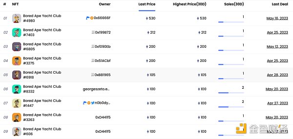 在過去的 30 天里,賣出的最貴的 BAYC 是#4980 ,以高達 530 ETH 的價格成交。這只猿的主人是 0x 66666 F,是一名投資組合價值為 743.91 ETH 的鯨魚。在#4980 之后,下一個最昂貴的 BAYC 是#7403 和#6805 。
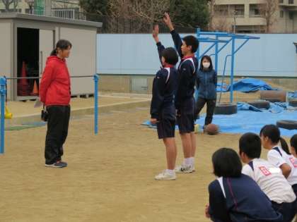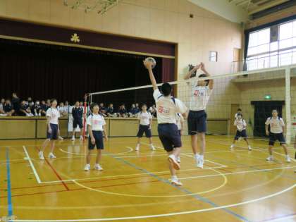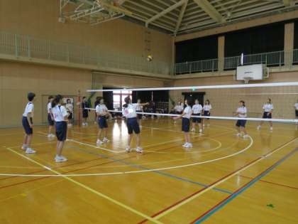 球技は、体育館では男女ともバレーボールを、運動場では男子がサッカー、女子がポートボールをクラス対抗で行いました。
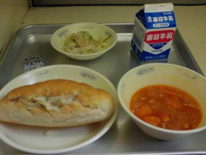 今日の献立は、コッペパン・ミネストローネ・ツナサンド・チーズ・牛乳でした。
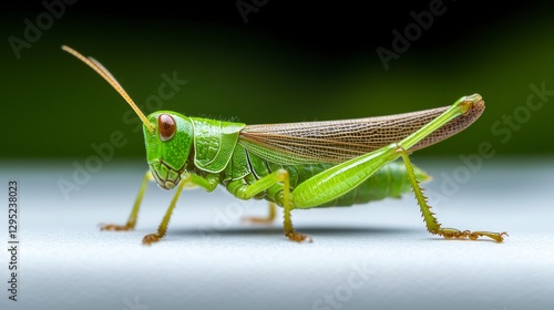 Fototapeta premium Close-up view of a vibrant green grasshopper on a surface with a blurred...
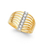 Crafted in 14K yellow, white, and rose gold, this wavy open band ring brings effortless elegance with a twist. Three round-cut CZ stones line the center, adding the perfect amount of sparkle to its modern, layered design. Minimal glam, maximum impact.
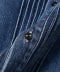 胸元に繊細なピンタックが施されたデニムブラウス。クラシカルなリボンタイと、デニム特有の野生的な雰囲気が融合した存在感のあるデザイン。上品さとカジュアルさが絶妙に調和したひと品です。
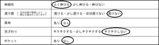 | 素材 | レーヨン55% ポリエステル40% ポリウレタン5% |

▶ _EXERCISE DETAILS_
Copy only what lies between the line with "今日の献立は、コッペパン・ミネストローネ・ツナサンド・チーズ・牛乳でした。" and the line with "Fototapeta premium Close-up", those two lines included, exactly as given above; pictures stay out.

▶ _THE COMPLETED TASK_
 今日の献立は、コッペパン・ミネストローネ・ツナサンド・チーズ・牛乳でした。
 Fototapeta premium Close-up view of a vibrant green grasshopper on a surface with a blurred...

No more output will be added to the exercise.